À l’aube des années 1980, alors qu’il construit encore sa carrière solo, Jean-Jacques Goldman explore aussi l’écriture pour d’autres artistes. Sous le pseudonyme Sweet Memories, un alias qu’il utilise à cette époque pour dissocier ses compositions de son image d’interprète, il signe plusieurs titres destinés à d’autres voix, dont celle d’Émilie Bonnet.

J’essaierai d’oublier : un titre confidentiel, un destin singulier

En 1983, Émilie Bonnet enregistre le single J’essaierai d’oublier, écrit et composé par Sweet Memories, alias Jean-Jacques Goldman. Ce 45 tours sort en France (et aussi au Canada) sous l’étiquette EMI Pathé Marconi et connaît une diffusion notable à la radio, notamment sur NRJ, avant d’être retiré rapidement des ondes et des bacs.

Le choix de Goldman d’utiliser un pseudonyme à cette époque s’inscrit dans une démarche artistique et professionnelle : il souhaitait parfois protéger sa propre identité tout en mettant pleinement en avant l’interprète qu’il accompagnait..

45 Tours et Album

Emilie Bonnet et Jean-Jacques Goldman

Rencontre, création et malentendus

Selon différents témoignages et archives, la chanson est née après une rencontre entre Goldman et Bonnet lors d’une émission radio. Séduit par la voix singulière d’Émilie, Goldman lui propose une chanson initialement intitulée Si tu veux m’essayer. Le titre est alors modifié suite à des réticences de l’entourage professionnel d’Émilie, donnant naissance à J’essaierai d’oublier.

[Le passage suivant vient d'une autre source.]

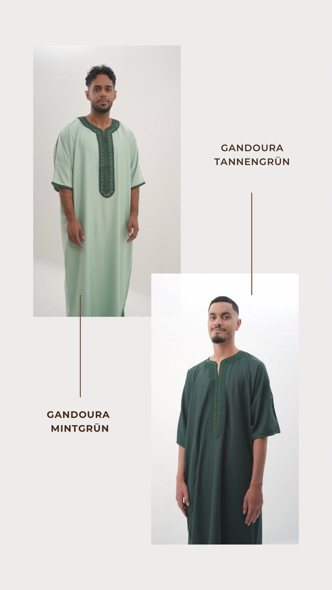 Spare mit unserem beliebtesten Set! Zwei hochwertige Gandouras in den Farben mintgrün und tannengrün zum Vorteilspreis. Perfekt für jeden Anlass.

Malgré une introduction prometteuse sur les ondes et une certaine présence en concerts, le single ne rencontre pas le succès escompté. Des désaccords professionnels et le retrait du disque des points de vente l’empêchent de s’installer dans les charts, laissant cette collaboration dans une certaine confidentialité.

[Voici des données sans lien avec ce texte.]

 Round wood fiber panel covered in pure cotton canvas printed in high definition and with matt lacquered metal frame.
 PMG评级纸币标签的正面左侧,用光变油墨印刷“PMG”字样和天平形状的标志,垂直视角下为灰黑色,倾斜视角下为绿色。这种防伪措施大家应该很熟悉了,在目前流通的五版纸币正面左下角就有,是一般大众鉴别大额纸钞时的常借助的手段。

Une seconde vie dix ans plus tard

La mélodie et l’essence même de cette création ne disparaissent pas pour autant. Une décennie plus tard, Goldman revisite le titre original sous sa forme première — Si tu veux m’essayer — pour Florent Pagny, qui en fera un tube majeur en 1994. C’est là toute la richesse de cette histoire : ce qui n’a pas trouvé son public dans les années 80 renaît et s’impose sur le devant de la scène dans les années 90, preuve que parfois une chanson doit attendre son temps pour révéler tout son potentiel.

Sweet Memories : un nom, une époque

Le pseudonyme Sweet Memories n’est pas anodin. Il illustre la période exploratoire de Goldman en tant qu’auteur-compositeur pour d’autres artistes, tout en laissant son nom propre s’imposer progressivement dans la chanson française.

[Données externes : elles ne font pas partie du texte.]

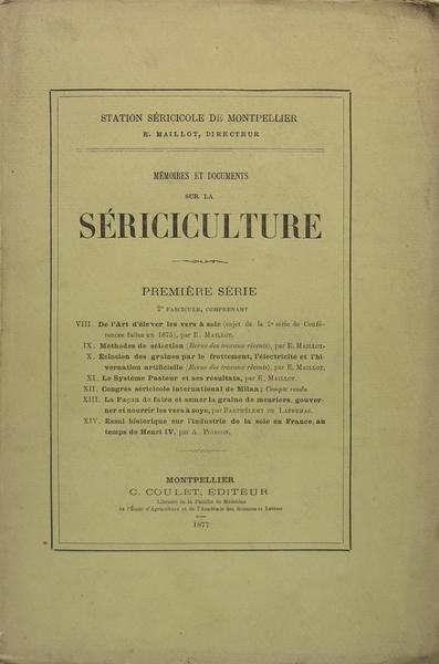 C.Coulet Montpellier 1877. In/4, Broché, 34 p., 23 p., 23 p.18 p., 60 p., 29 p., 60 p. Recueil d’intérêt sur l’industrie et l’exploitation du ver à soie : Le système de PASTEUR, Etc. L’art d’élever les vers à soie . Méthodes de sélection. Éclosion des graines.
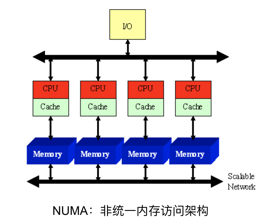 UMA(Uniform Memory Access) 均匀内存访问架构则是与NUMA相反,所以处理器对共享内存的访问距离和时间是相同的。

Aujourd’hui, J’essaierai d’oublier reste une curiosité discographique, un témoin précieux d’une collaboration artistique marquée par la passion, les hasards de l’industrie musicale et une mélodie qui finira, contre toute attente, par connaître sa juste place dans la mémoire collective.

Emilie Bonnet : Laisse entrer la lumière (CD)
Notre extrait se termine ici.